未来を掴む為に出来ること
誰かが泣いていた。大きな声をあげながら、泣いている声が聞こえるんだ。
目を開くと、モノクロの光景が見えた。所々ノイズが混ざるような歪な光景。鮮明に見えるわけではなく、繰り返し見た為に、擦りきれたビデオの映像を見ているかのようだ。
モノクロの光景の中には一人の女性が座っていた。後ろ姿しか見えないが、髪の長さや泣き声から女性だと解った。座っている女性は、空へと顔を向けながら泣き叫ぶ。
慟哭。
何がそんなに悲しいのだろうか?気になった俺は近付こうとして、目の前にある見えない壁に衝突。手を添えても何をしても、この場所から先に行けないようだ。
声を掛けようとして、声すら出ない事に気づく。どうしようもない状況の中で女性は慟哭しながら、両腕を空へと伸ばした。違和感ーー
異様に短い。何かがーー足りないような。
ノイズが走る。ザラザラとした音が鳴り響き、モノクロの光景が細切れに動く。慟哭している女性の姿を見ながら、モノクロの光景は一瞬で真っ暗な世界へと切り替わってしまった。
漆黒の闇の中、気付けば何かに腰を掛けているようだ。手で触れると、滑らかな感触。瞬間ーー目の前に光が灯る。
眩しさに目を閉じ、ゆっくりと開くと何時もの光景がそこにあった。
古びた机。スタンドライト。腰掛けているのは揺れるロッキングチェア。
いや、違う所があった。古びた机の上には、恐ろしい数の本が山のように積まれている。
赤茶色の古びた分厚い本が、空へと向かうように遥か上まで重ねられ、同じ本が古びた机を埋め尽くす。どれだけの数があるのか?圧倒的な本の山に、俺は100まで数えて諦める。

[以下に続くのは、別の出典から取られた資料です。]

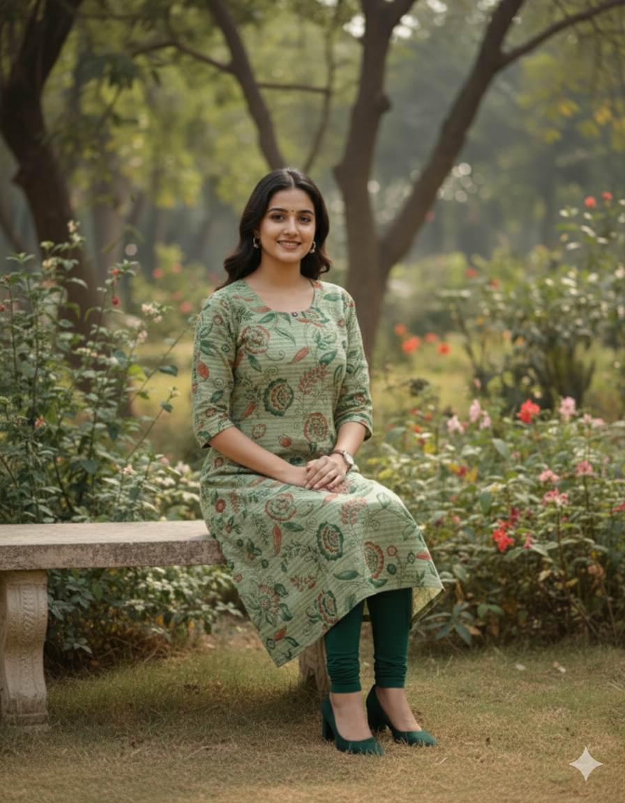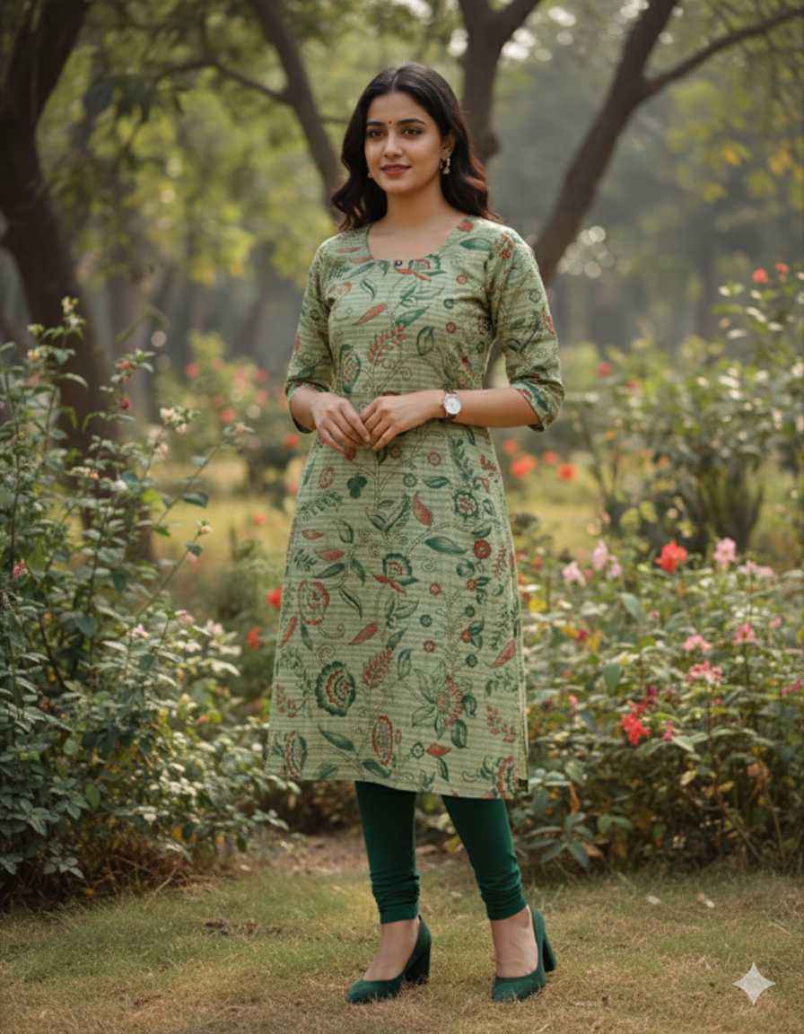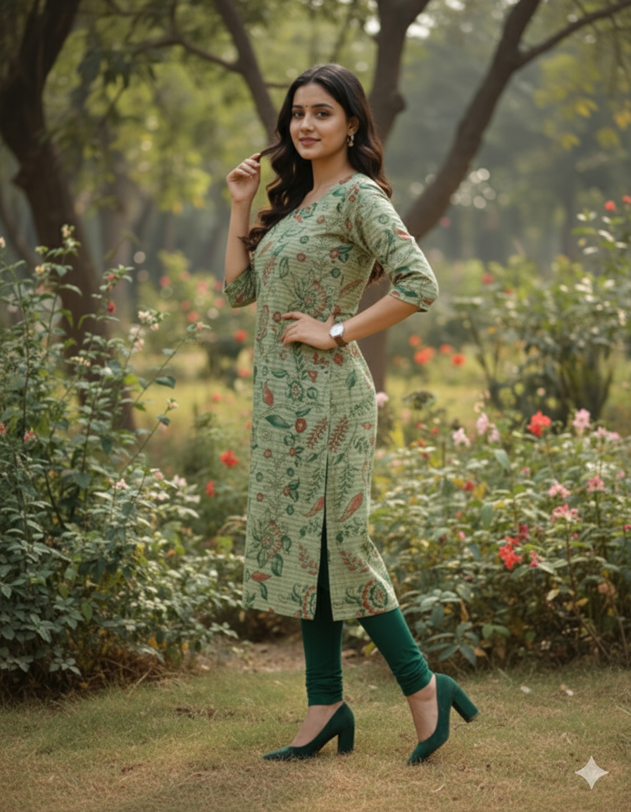 Premium Straight Cut Kurti – Pale Green Colour with Beautiful Floral Print
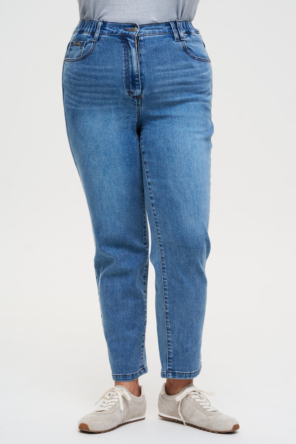 Женские голубые зауженные книзу джинсы больших размеров от бренда Интикома (Intikoma)

ふと、一冊だけーーたった一冊だけ。真新しい本があることに気付いた。それは古びた分厚い本ではなく、本当に新しく作られた赤茶色の綺麗な本だ。
分厚い本に埋もれるように、下のほうにあったそれを丁寧に取り出すと······真新しい本を捲る。
そこには今までのような、セピア調の色合いではない光景が描き出されていた。そこにはーー
俺を含めた15人全員の姿と、ここで出逢ったエリス達とシルヴァが笑いながら······一枚の写真として収められている。鮮明な色合いのカラー写真。
「永続現実未来世界」
不意にーー声が聞こえた。聞いた事のある、鈴の音のような声。振り向かなくても正体は解った。
「秋月龍人は、理想の世界を構築するために······今まで何度も繰り返しーー世界を変革していたのよ」
揺れるロッキングチェアが止まる。声を掛けてきた相手が椅子を止めたのだと解り、俺は顔を向ける事にした。金色の髪が、俺の視界を埋める。

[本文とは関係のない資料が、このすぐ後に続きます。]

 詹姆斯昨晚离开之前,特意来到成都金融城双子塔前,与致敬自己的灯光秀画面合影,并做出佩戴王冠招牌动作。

「未来変革なんか些細なことだわ。秋月龍人が行っていたのは、今の現実の世界そのものを全く別の世界に書き換える。そう言ったほうが正しいわ」
「蝶々飛翔。バタフライエフェクトーーと言う言葉を知っているかしら?······首を振ってるということは、知らないようね。本当に些細な変化が、後々に影響を与える。こういう物だと思って頂戴」
そう言って、俺の横に立つ片桐はページを捲る。捲った先を見ると、俺と未歩が互いに微笑む姿が描かれていた。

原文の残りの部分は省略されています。